Georg Cantor, wrestling with the enigma of the infinite, discovered a branch of mathematics called transfinite arithmetic, in which he developed a progression of numbers analogous to the positive integers but whose first term was infinity and whose succeeding terms were as qualitatively different from and beyond infinity as are Two, Three, Four, etc., beyond One. In short, he found that there are numbers larger than infinity. As might be expected, the Knight confirmed the reality of this number system and of the transfinite space that goes with it. There is a whole range of transfinite spaces, probably even larger than the range of finite and infinite spaces (since the number of total spaces is both finite, infinite and transfinite). At this point the Knight seemed to think that we were wandering from the type of description from which I might be expected to profit, and proposed to resume, expatiating on those nearer to familiarity. I objected; it was diverting, but less challenging, to be presented with nothing but modifications of an existence I already knew. In a sense I could almost have invented these modifications myself.

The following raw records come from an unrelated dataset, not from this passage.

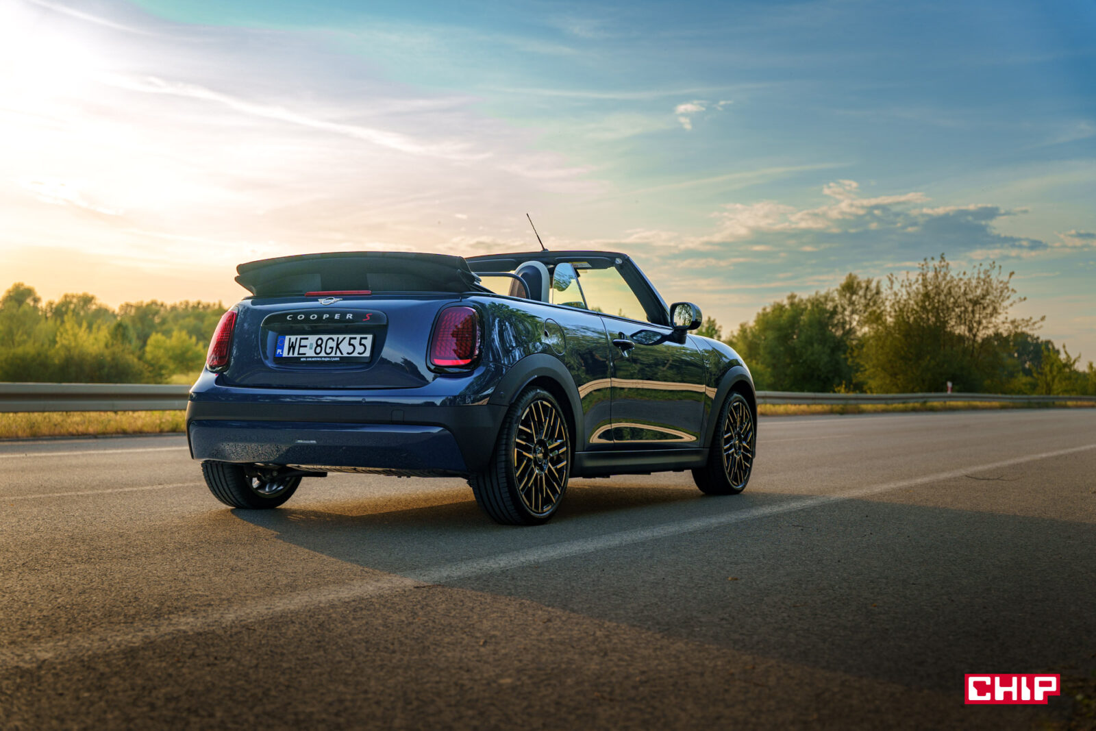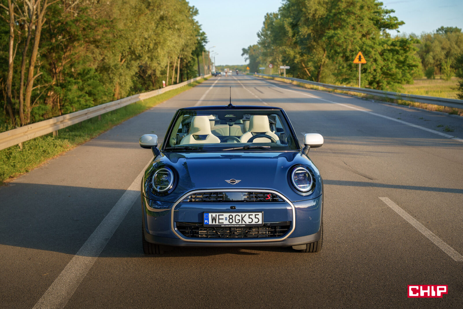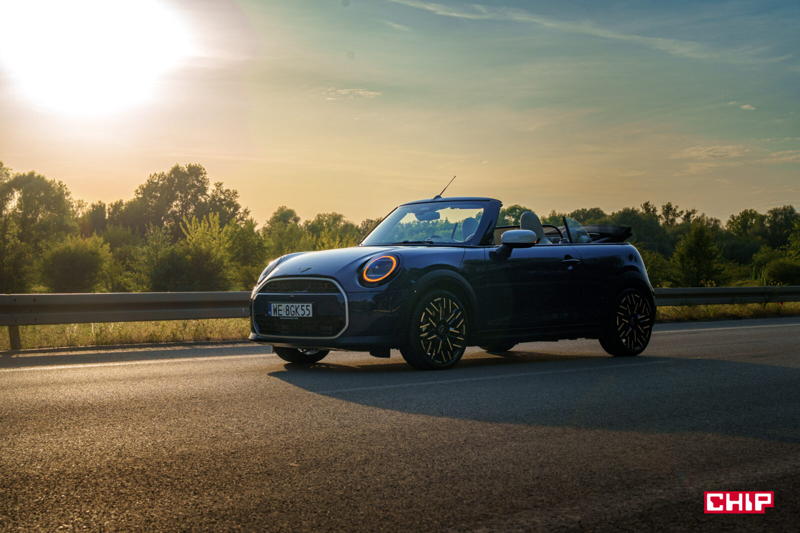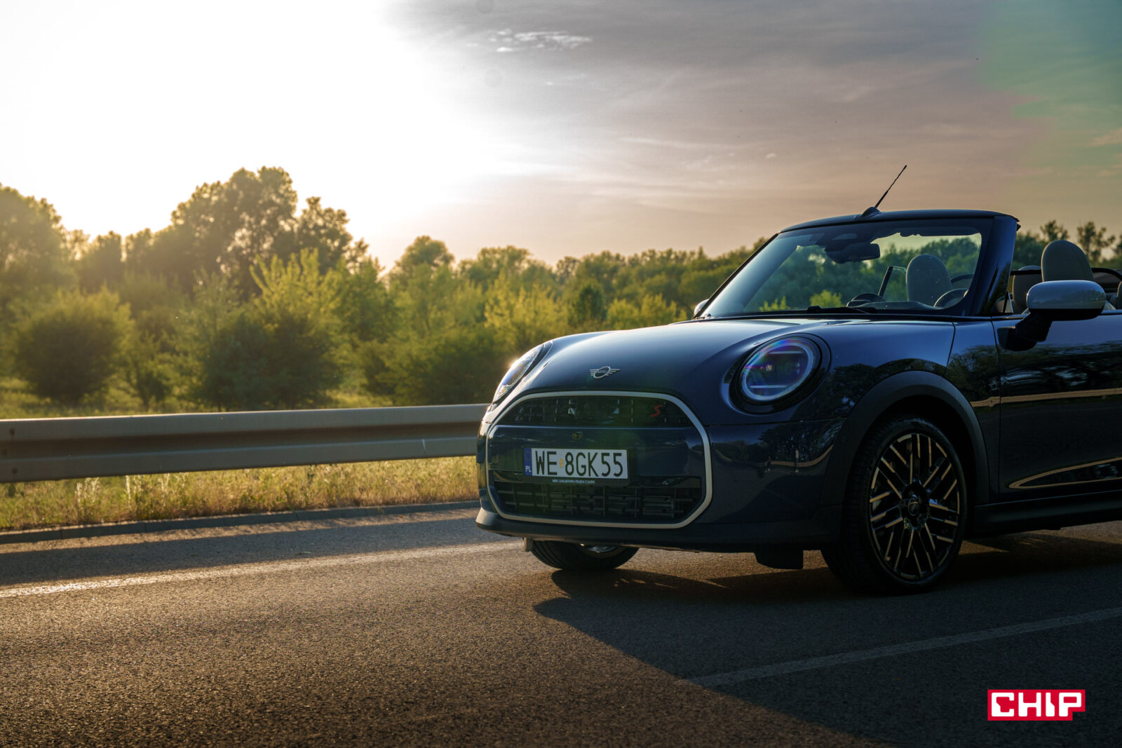Zawieszenie jest zestrojone komfortowo, z nutą sportowego charakteru, choć brak stałego dachu sprawia, że nadwozie jest nieco mniej sztywne — na nierównościach czuć solidne drgania. W mieście Cabrio radzi sobie świetnie, dzięki kompaktowym wymiarom i zaawansowanym asystentom, ale prawdziwa magia dzieje się na otwartych drogach. Z otwartym dachem i rykiem silnika każda przejażdżka to mała przygoda, w nocy w akompaniamencie oświetlenia z wybranego trybu MINI Experience.
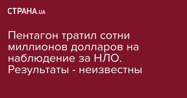 Пентагон потратил несколько сотен миллионов долларов на наблюдение за НЛО. Об этом сообщает The New York Times.
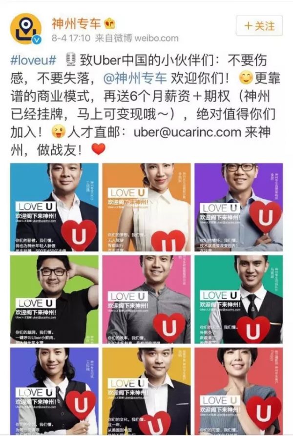 今年8月,滴滴出行收購Uber中國,一統(tǒng)出行市場。面對Uber中國幾百位有用之才,神州專車在微信和微博同時發(fā)布了致Uber中國小伙伴的一封信,言辭中直言對Uber年輕人的欣賞,并要高薪挖角!放出“6個月薪資+期權(quán)”的巨大誘惑。還發(fā)布了一組“LoveU”系列海報。
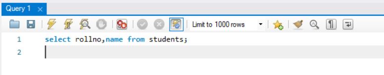 the above command will display columns rollno and name from table students
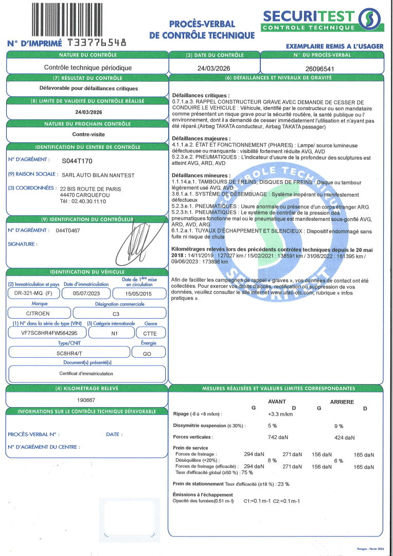 VEHICULE A ENLEVER SUR PLATEAU: DEFAILLANCE CRITIQUE: VEHICULE CONCERNE PAR LE RAPPEL DES AIR BAG TAKATA. BVM5- CLIM- RADIO- VITRES ET RETROS ELECT- REGULATEUR DE VITESSES- RADAR DE RECUL. SIEGES EN TISSU TACHES- PLASTIQUES RAYES. PARE CHOCS AV DEBOITE- RAYURES D'USAGE- FROTTEMENTS SUR LA PORTE AVG ET LA PORTE ARG. DEFAILLANCES MAJEURES: VISIBILIRTE FORTEMENT REDUITE DES FEUX AVG ET AVD- PNEU AVG, ARD ET ET AVD USES. DEFAILLANCES MINEURES: DISQUE OU TAMBOUR DE FREIN AVG ET AVD LEGEREMENT USES- SYSTEME DE DESAMBUAGE INOPERANT OU DEFECTUEUX- USURE ANORMALE DU PNEU ARG- 4 PNEUS SOUS GONFLES- DISPOSITIF ENDOMMAGE DU TUYAU D'ECHAPPEMENT ET SILENCIEUX FRAIS JUDICIAIRES: 11.9% HT.
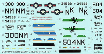 Instructions are what one would expect after all these years from Hasegawa. They include Gunze and some FS 595 color references. Markings are for two planes. One is the CAG bird from VA-52 as shown on the box art and the other is from VA-145 in predominately green markings. Both are in the Light Gull Grey and White scheme. The decals are nicely printed and should work well as long as you keep them away from setting solutions.
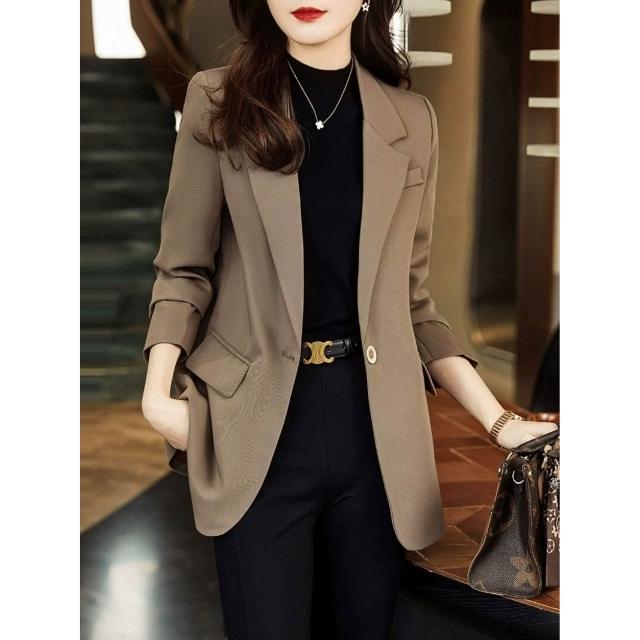 夾棉西裝外套女春秋加厚2025新款休閑韓版高級感女士加棉咖色西服
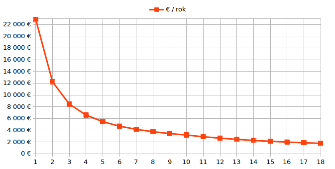 Dáta mám len za 4 roky. Takže som skúsil spraviť predikciu tak že ročné náklady sú 900€ a ročný nájazd kilometrov 12000.
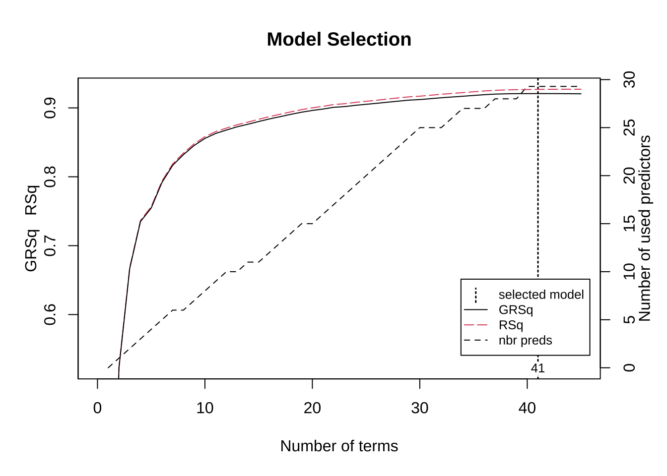 ## Overall_QualExcellent 73257.41159可以通过绘图方法(plot)对MARS模型性能进行呈现。图中展示了模型选择图,绘制了模型中的基函数项数(x轴)的GCV \(R^2\)(左侧y轴和黑色实线)的关系,以及基函数项数与原始预测变量数(右侧y轴和黑色虚线)的关系,垂直虚线则指示最佳基函数项数,在此点上GCV \(R^2\)的边际增量小于0.001。
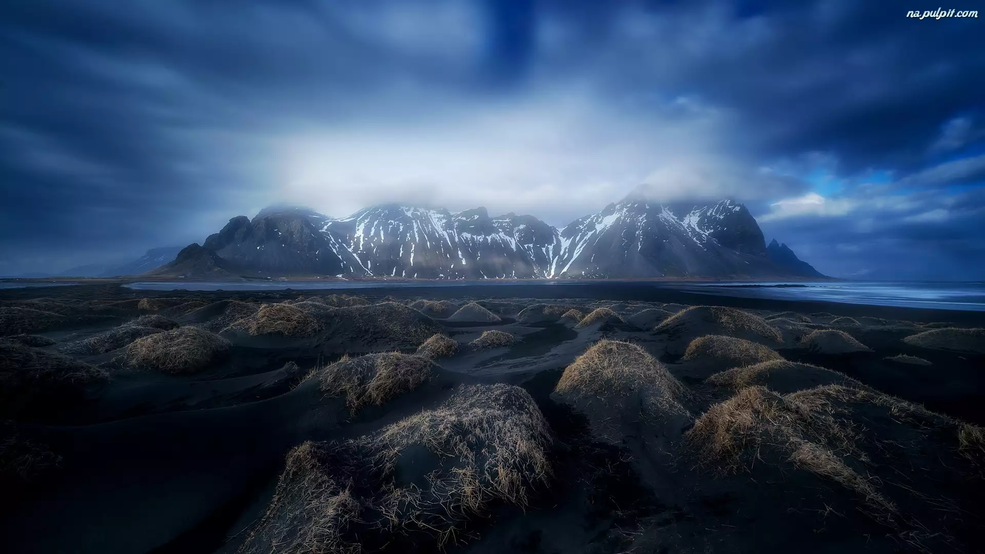 Islandia, Góry, Góra Vestrahorn, Chmury, Sucha, Kępy, Morze, Trawa, Mgła, Plaża Stokksnes
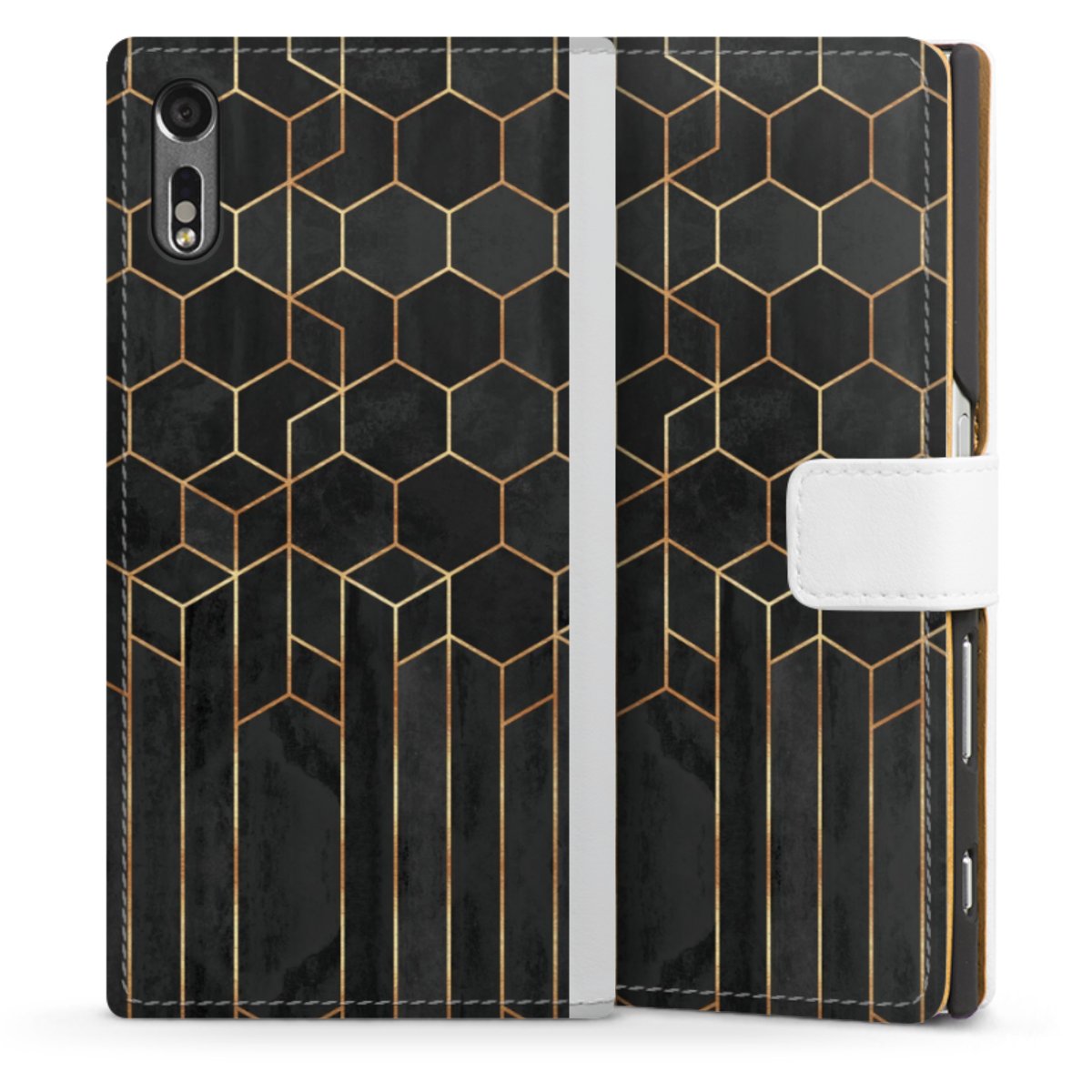 For our Sideflip Case we are using our advanced direct printing technology. The back and frontside are fully printabale, the inside of the phone bag is left unprinted. You can order the phone case without print, printed completely or also with a partial print.

Would not the Knight consent to offer me, or at least attempt to make me understand, worlds having no common ground with my own – for even the Knight’s own locational-transitional space-time, I reminded him, was not hard to describe. I longed to hear something so original as to blow my mind free of all its preconceptions. After some hesitation and muttering as to the perplexities engendered by my request, the Knight agreed to make the effort and favoured me with the following amazing descriptions: [3] A second break occurs in the manuscript here. The Narrator pleads that this section was too ephemeral to remember or too abstruse to be outlined in words; The Editor surmises that his invention had run dry – Ed.